Она пробежала взглядом неровный машинописный текст и растерянно посмотрела на Артиста.
— Господи Боже! Я не верю своим глазам! Что это значит? Объясните мне, ради всего святого, что это значит?
— Мы не знаем.
— Могу я оставить это у себя?
— Нет. Извините, Роза Марковна, нет, — твёрдо сказал Артист, отбирая листок. — Я даже не очень уверен, что имел право показать его вам.
— Может быть, вы хотите взять снимок вашего отца? — чтобы как-то утешить её, предложил Томас. — Все-таки отец. Что там ни говори. Можно? — оглянулся он на Артиста.
— Почему нет? Это не наши дела.
— Про какой снимок вы говорите?
Томас поспешно извлёк из кейса парадный снимок эсэсовца, который был приложен к информационной записке, и протянул его Розе Марковне. Она взяла его не очень уверенным движением, как бы сомневаясь, стоит ли это делать. Но после первого же взгляда на снимок на её патрицианском лице появилось напряжённое и даже как бы болезненное выражение.

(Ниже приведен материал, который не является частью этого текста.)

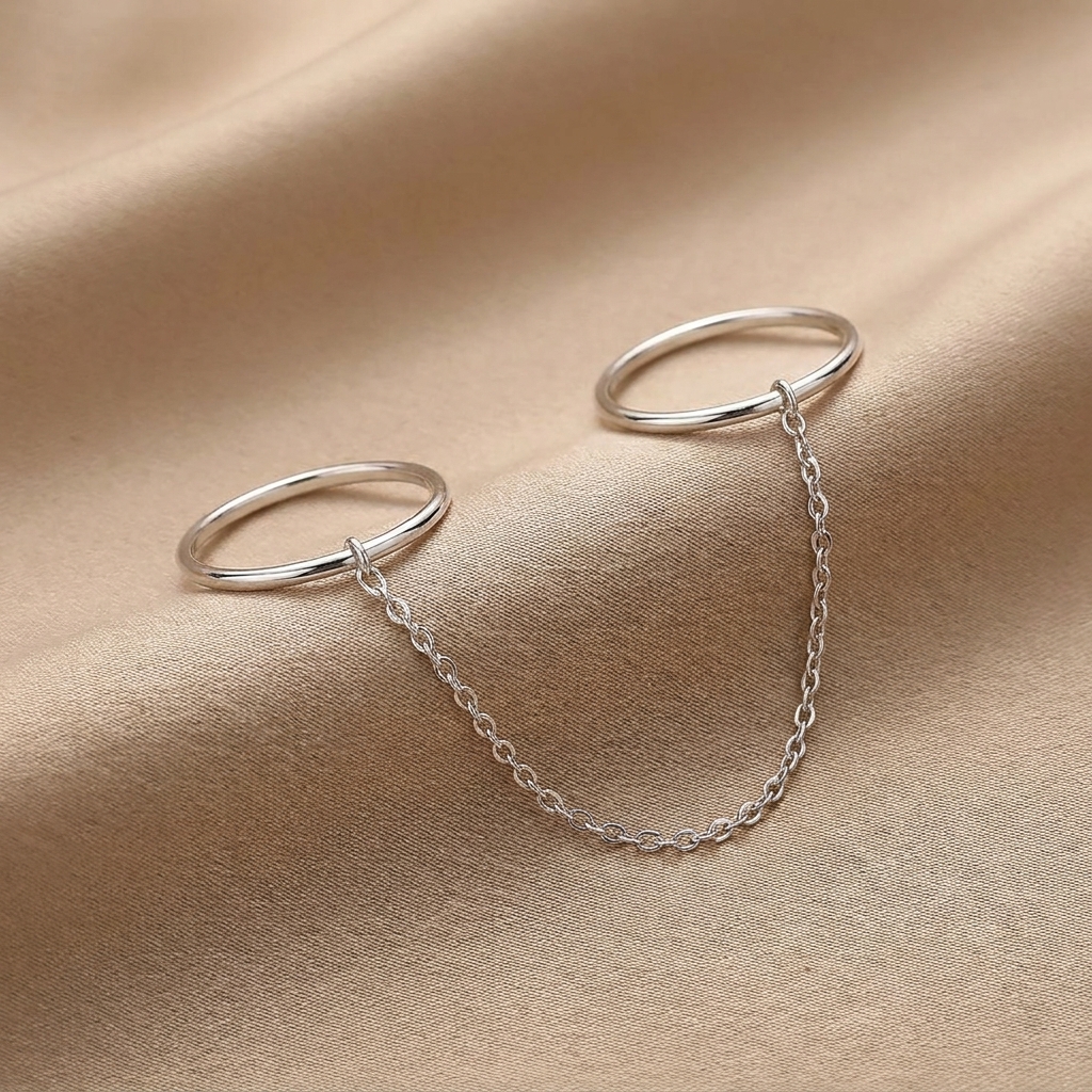 Un model minimalist și modern, inelul dublu cu verigă simplă și lanț din argint 925 este realizat manual în atelierul nostru, special pe comandă. Designul său delicat îmbină eleganța cu un aer nonconformist, fiind potrivit atât pentru purtare de zi cu zi, cât și pentru ocazii speciale.

— Кто этот человек? — спросила она.
— Как кто? — удивился Томас. — Альфонс Ребане, ваш отец.
— Это Альфонс Ребане?
— Ну да, — сказал Томас. — Там написано. В углу. «Альфонс Ребане. Девятое мая сорок пятого года. Мюрвик-Фленсбург». Видите?
— Надпись вижу. Но это не Альфонс Ребане.
— Как это?
— У тёти Хильды была его фотография. Она была сделана перед войной, в сороковом году. В детстве я очень часто её рассматривала. Потом сожгла. Но человека, который был на той фотокарточке, запомнила на всю жизнь. Это не он.
Роза Марковна ещё раз всмотрелась в снимок, и Томасу показалось, что она побледнела.
— Вы его узнали, — мелькнула у него догадка.
— Нет, я не знаю этого человека, — повторила она. — Поехали, Семён. Хочу поскорей оказаться дома. В моем возрасте такие умственные нагрузки противопоказаны.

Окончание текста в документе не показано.